[Collected data]
※

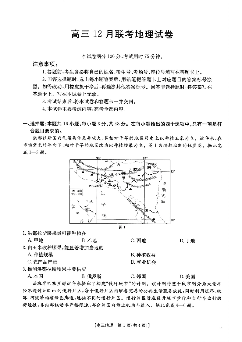广东、福建两省跨区域高中2025届高三年级12月联考地理+答案
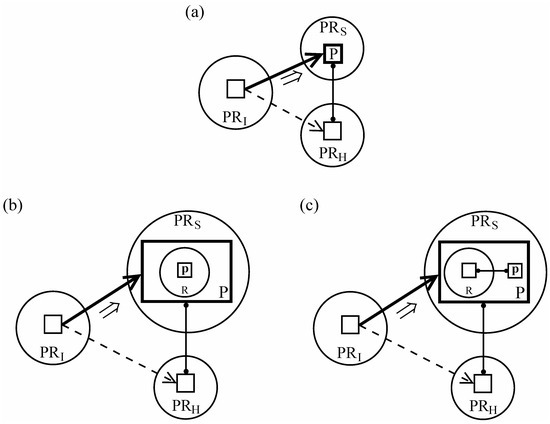 Figure 13a,b show explicitly that there are two levels of assessment. One level pertains to the internal structure of P. P itself is positive or negative depending on whether the profiled occurrence (p) is realized; at issue, then, is whether p is included in R. The higher level of assessment pertains to the status of P. One outcome, for either (a) or (b), is acceptance: P is judged to be valid (part of PRH), and is thus included in the updating of PRS and PRI. Another possibility is rejection: being judged invalid (not part of PRH), P is excluded from the updating of PRS and PRI. More elaborate diagrams would indicate the response and the updating that results.
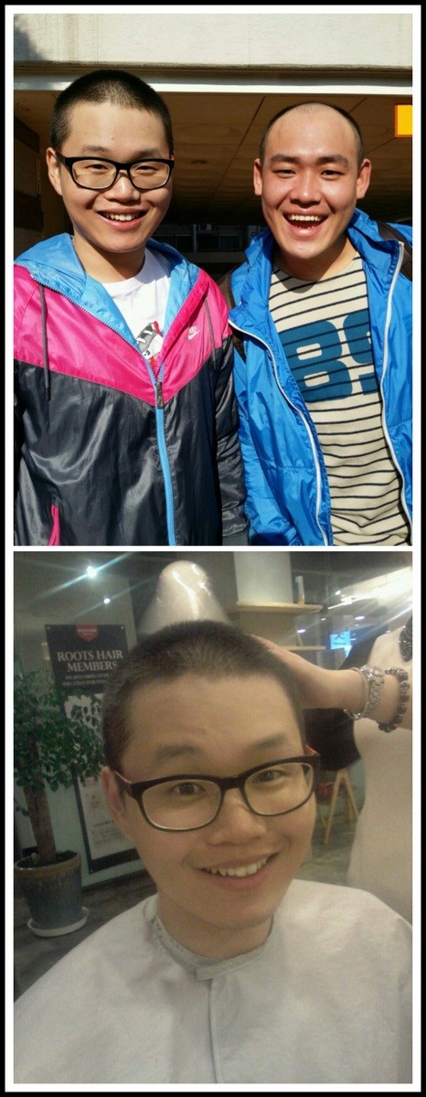 삭발을 막 마치고 짧아진 머리를 말리고 있는 최효종의 환한 미소가 시선을 사로잡는다.
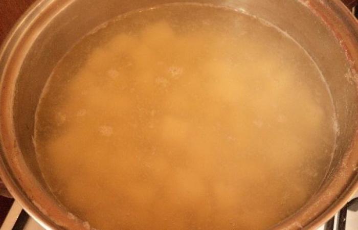 1Картофель режем кубиками, заливаем водой и отвариваем до готовности около 20 минут. По истечению времени достаем картофель из воды, а саму воду не сливаем.
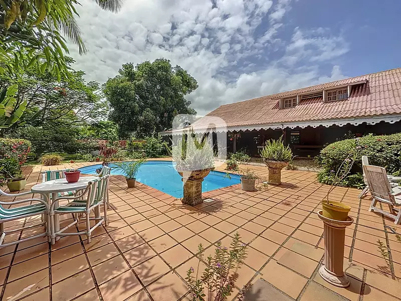À l'extérieur, une terrasse de 59m² menant a un jardin, préservé des regards indiscrets, ceinture la propriété, offrant un cadre de vie des plus agréables. Vous profiterez également d'une grande piscine, accompagnée de son carbet, où se dérouleront vos moments de détente les plus précieux. Sans oublier l'abri voiture pouvant accueillir deux véhicules en toute sécurité.
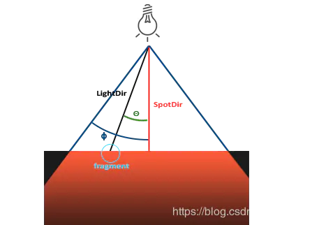 聚光也很常见,例如手电筒,有灯罩的路灯等等,这种光之后朝一个特定方向照射,在光照范围外就没有光照效果。先看下图聚光灯的工作:
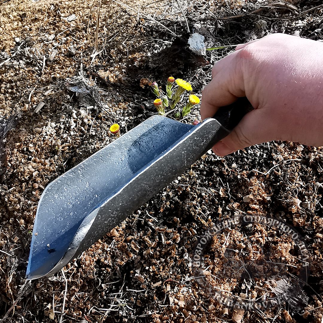 Это кованая лопатка для посадки - удобный инструмент для посадки и высаживания молодых растений, а также для выкапывания стойких сорняков, а эллиптическое лезвие с небольшим кончиком больше подходит для твердой и каменистой почвы. Вследствие того, что совок производится исключительно в кузне, его габариты могут незначительно отличаться от заявленных в описании.
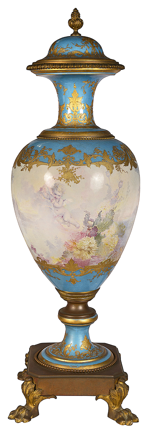 19th Century Sevres style lidded vase.
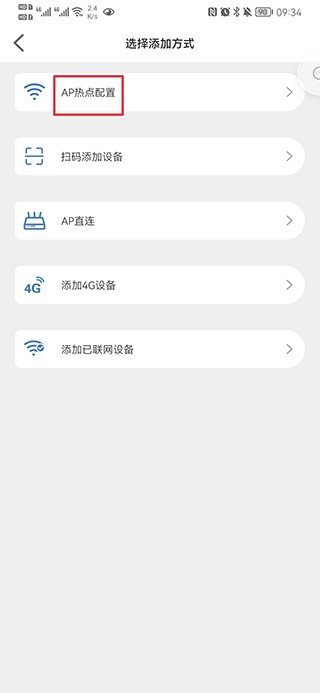 2、选择添加方式、如AP热点配置
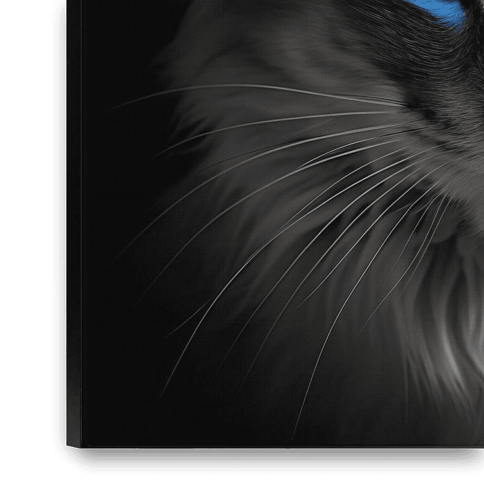 Bestelle das digitale Kunst Bild Schwarz-weiße Katze mit leuchtenden blauen Augen von YArt als Reproduktion auf Leinwand, Alu-Dibond, als Poster, Fototapete oder Acrylglasbild.
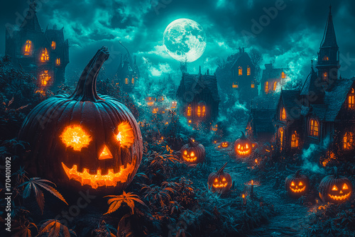 Fototapeta premium Creepy jack o lantern glows on the street in the dark of halloween night
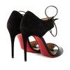 The perfect pair of sandals for the adventurous fashionistas. Done with a bold medley of suede top-line and patent leather bottom strap, these Christian Louboutin Mayerling Lace-up Sandals are a classic statement piece. They also come with a 4” covered stiletto heel and an open toe cut for a more feminine silhouette, and a gun-metal lace-up to add some extra edge. Wear yours with anything from denims to dresses.
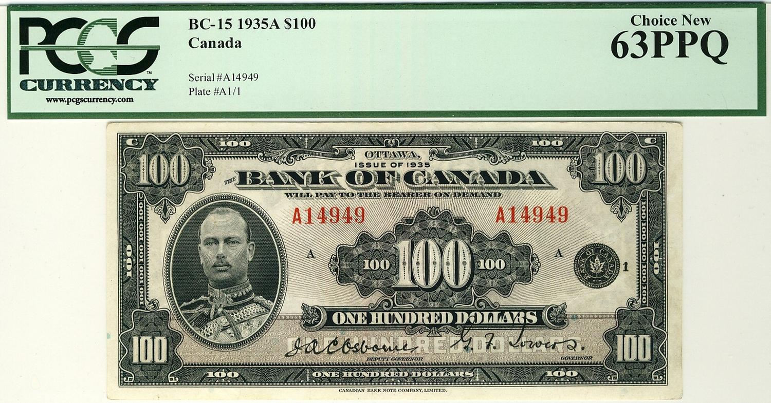 1935 $100 BC-15 A14949 PCGS UNC63PPQ. Excessively rare in Choice condition. Best one seen by the cataloger. Worth a premium bid.
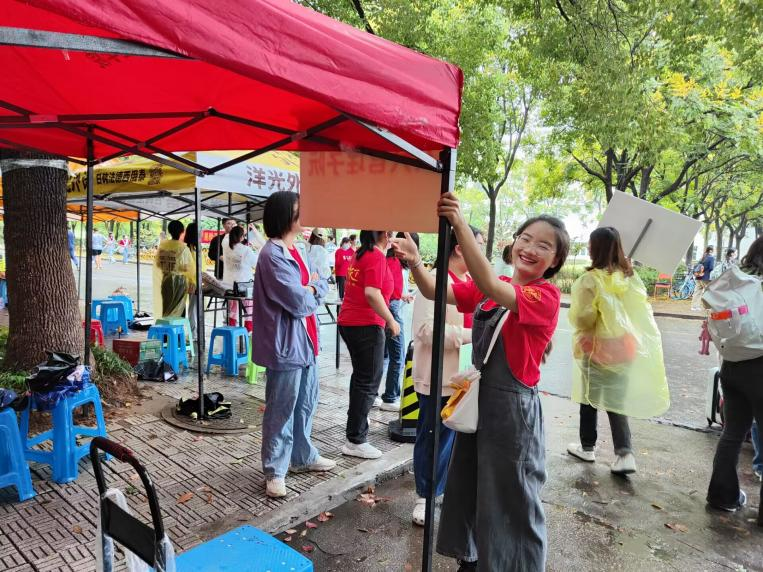 再大的风雨也挡不住志愿者们迎接新生的步伐。早上七点,学长学姐们组成的迎新志愿队身披雨衣等候在新生宿管站门口,举着指引牌引领新生,帮助新生搬运行李。澳门银河娱乐场

※

__Your goal__. A word-for-word copy is needed of the lines from the line holding "À l'extérieur, une" through the end of the records, both included, excluding every picture.

__Solved problem__.
À l'extérieur, une terrasse de 59m² menant a un jardin, préservé des regards indiscrets, ceinture la propriété, offrant un cadre de vie des plus agréables. Vous profiterez également d'une grande piscine, accompagnée de son carbet, où se dérouleront vos moments de détente les plus précieux. Sans oublier l'abri voiture pouvant accueillir deux véhicules en toute sécurité.
 聚光也很常见,例如手电筒,有灯罩的路灯等等,这种光之后朝一个特定方向照射,在光照范围外就没有光照效果。先看下图聚光灯的工作:
 Это кованая лопатка для посадки - удобный инструмент для посадки и высаживания молодых растений, а также для выкапывания стойких сорняков, а эллиптическое лезвие с небольшим кончиком больше подходит для твердой и каменистой почвы. Вследствие того, что совок производится исключительно в кузне, его габариты могут незначительно отличаться от заявленных в описании.
 19th Century Sevres style lidded vase.
 2、选择添加方式、如AP热点配置
 Bestelle das digitale Kunst Bild Schwarz-weiße Katze mit leuchtenden blauen Augen von YArt als Reproduktion auf Leinwand, Alu-Dibond, als Poster, Fototapete oder Acrylglasbild.
 Fototapeta premium Creepy jack o lantern glows on the street in the dark of halloween night
 The perfect pair of sandals for the adventurous fashionistas. Done with a bold medley of suede top-line and patent leather bottom strap, these Christian Louboutin Mayerling Lace-up Sandals are a classic statement piece. They also come with a 4” covered stiletto heel and an open toe cut for a more feminine silhouette, and a gun-metal lace-up to add some extra edge. Wear yours with anything from denims to dresses.
 1935 $100 BC-15 A14949 PCGS UNC63PPQ. Excessively rare in Choice condition. Best one seen by the cataloger. Worth a premium bid.
 再大的风雨也挡不住志愿者们迎接新生的步伐。早上七点,学长学姐们组成的迎新志愿队身披雨衣等候在新生宿管站门口,举着指引牌引领新生,帮助新生搬运行李。澳门银河娱乐场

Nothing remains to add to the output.